In essence, the Bill has banned commercial surrogacy and has limited it to heterosexual couples that have been legally married for five years or more, have no children, and have a close female relative whom they can convince to altruistically bear their child for nine months. There are many things that are arbitrary about this Bill. For instance, the five-year time period, the bar against homosexual or single parents, and the requirement that the surrogates be altruistic.

To be fair, by legalising surrogacy the government has rightly moved to pull the issue out of the grey area in which it has so far been. However, what is disturbing is the regulatory mechanism that the Indian government has chosen to employ.

By imposing a ban on commercial surrogacy, the Bill might do more harm to women than was previously done. The demand for surrogacy is not going to suddenly vanish and the proposed Bill will only result in the creation of an illegal market that might make surrogate mothers more vulnerable to exploitation and without any avenues for legal recourse when contracts are broken.

If the intent of the law is to protect surrogate mothers and children, then it must provide a legal framework that restricts the exploitation of surrogates and their children, and penalise those who do not honour contracts.

It would be wise to acknowledge that wherever a gaping hole in demand and legal supply for any product emerges, black markets have been known to surface and thrive. Illegal organ trade is one such example. Indeed, banning the sale of one’s own organs (Transplantation of Human Organs and Tissues Act, 2011) and restricting donations to only close relatives and other altruist donors has not come in the way of India being one of the biggest organ markets, especially for kidneys. Similarly, Nancy Howell has pointed out in her 1969 book, >The Search for an Abortionist , how criminalising abortion had resulted in illegal abortion trade in the U.S.
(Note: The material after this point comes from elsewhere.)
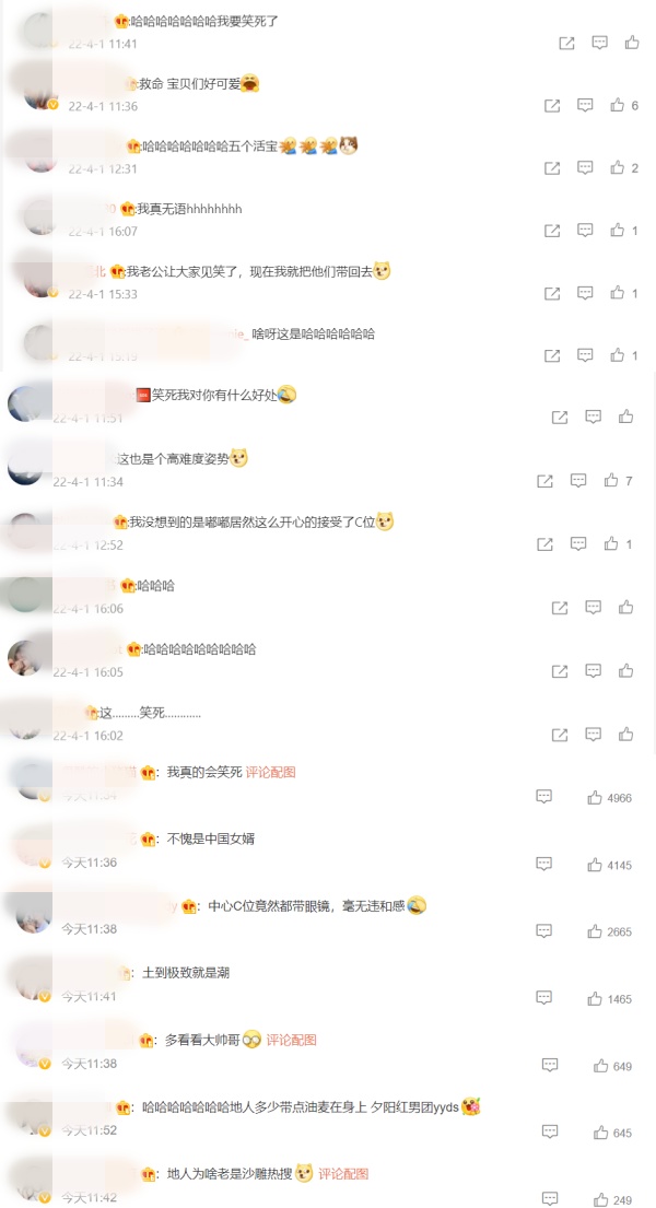网友看了喊话,“我真的会笑死”、“中心C位竟然都带眼镜,毫无违和感”、“土到极致就是潮”、“哈哈哈五个活宝”、“这也是个高难度姿势”等。

Further, as per Article 14 of the Indian Constitution all citizens are equal before the law. By placing restrictions on the right to have a surrogate child such that it is accorded to heterosexual couples alone, the government has negated the equality that the Constitution guarantees to single parents and homosexuals. Moreover, as per a Supreme Court ruling, live-in relationships are on a par with marriage and children born out of long-standing live-in relationships are legitimate. By limiting the option of surrogacy to legally married couples, the government is countering the acceptability of live-in relationships and setting a wrong precedent.
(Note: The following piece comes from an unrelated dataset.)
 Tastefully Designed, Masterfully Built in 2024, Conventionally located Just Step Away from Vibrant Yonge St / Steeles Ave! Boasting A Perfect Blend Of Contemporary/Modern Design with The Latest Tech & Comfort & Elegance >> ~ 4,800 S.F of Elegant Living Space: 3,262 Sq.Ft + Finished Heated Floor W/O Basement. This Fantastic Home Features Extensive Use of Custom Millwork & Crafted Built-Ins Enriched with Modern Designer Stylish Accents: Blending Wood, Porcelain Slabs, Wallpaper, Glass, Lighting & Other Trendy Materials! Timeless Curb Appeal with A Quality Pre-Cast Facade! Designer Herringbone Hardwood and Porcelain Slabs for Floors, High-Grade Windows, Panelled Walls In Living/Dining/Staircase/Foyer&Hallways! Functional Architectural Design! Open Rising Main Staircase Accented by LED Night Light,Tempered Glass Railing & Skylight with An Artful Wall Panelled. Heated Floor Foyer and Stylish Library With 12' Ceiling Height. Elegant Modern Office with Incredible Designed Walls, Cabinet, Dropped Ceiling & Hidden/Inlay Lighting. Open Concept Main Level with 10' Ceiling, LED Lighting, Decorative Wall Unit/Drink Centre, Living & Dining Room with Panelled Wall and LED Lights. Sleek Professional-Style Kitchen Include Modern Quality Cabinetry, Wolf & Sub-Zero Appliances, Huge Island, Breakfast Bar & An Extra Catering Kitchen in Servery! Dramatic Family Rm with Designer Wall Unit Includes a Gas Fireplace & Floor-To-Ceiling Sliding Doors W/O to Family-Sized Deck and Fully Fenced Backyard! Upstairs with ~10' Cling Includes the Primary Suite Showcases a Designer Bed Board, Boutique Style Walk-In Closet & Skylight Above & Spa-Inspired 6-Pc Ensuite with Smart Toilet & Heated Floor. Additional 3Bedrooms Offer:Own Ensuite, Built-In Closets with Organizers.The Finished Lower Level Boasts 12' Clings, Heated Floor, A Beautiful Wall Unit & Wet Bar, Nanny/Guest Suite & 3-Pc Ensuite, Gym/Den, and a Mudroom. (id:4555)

In fact, the draft Bill is not just laden with ideological and ethical issues but it will be nigh-on impossible to enforce. Eugene Bardach correctly points out in his book on policy analysis that regulating entry is laden with “problems of collecting information”. By proposing to regulate who can apply for surrogacy and who can be a surrogate mother, the government is plunging into an area that will be beset with problems of data verification that will make the Act (if it were to be passed in its current form) unimplementable.
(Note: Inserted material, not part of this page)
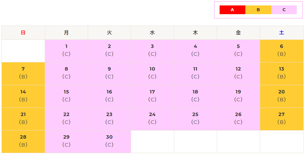 高速バス新潟線のカレンダー運賃について(2026/6/1~2026/6/30)

If the intent of the Bill is to protect surrogate mothers and the children born out of surrogacy, then the legislation must provide a legal framework that restricts the exploitation of the surrogates and the children, and penalise those who do not honour contracts. The government should ensure that the surrogates are properly counseled about the medical and economic implications of surrogacy. It should also ensure that all surrogacy contracts must mandatorily cover the medical care, hygiene, and nourishment of the surrogates not just during the pregnancy but also in the post-partum period.

Further, it should act to remove any information asymmetry that encourages the role of middlemen and puts the surrogates at the risk of being cheated.

The decision to rent or sell one’s vagina, the kidneys, or the womb should be the prerogative of the owner. Criminalising such trades neither ends the practice nor alleviates the condition of people who choose to enter them. The Surrogacy (Regulation) Bill, 2016, in its current avatar, is a retrograde step that the government must amend if it really cares about women’s welfare. And if it cared enough, it would remove the conditions that force people into renting their wombs out.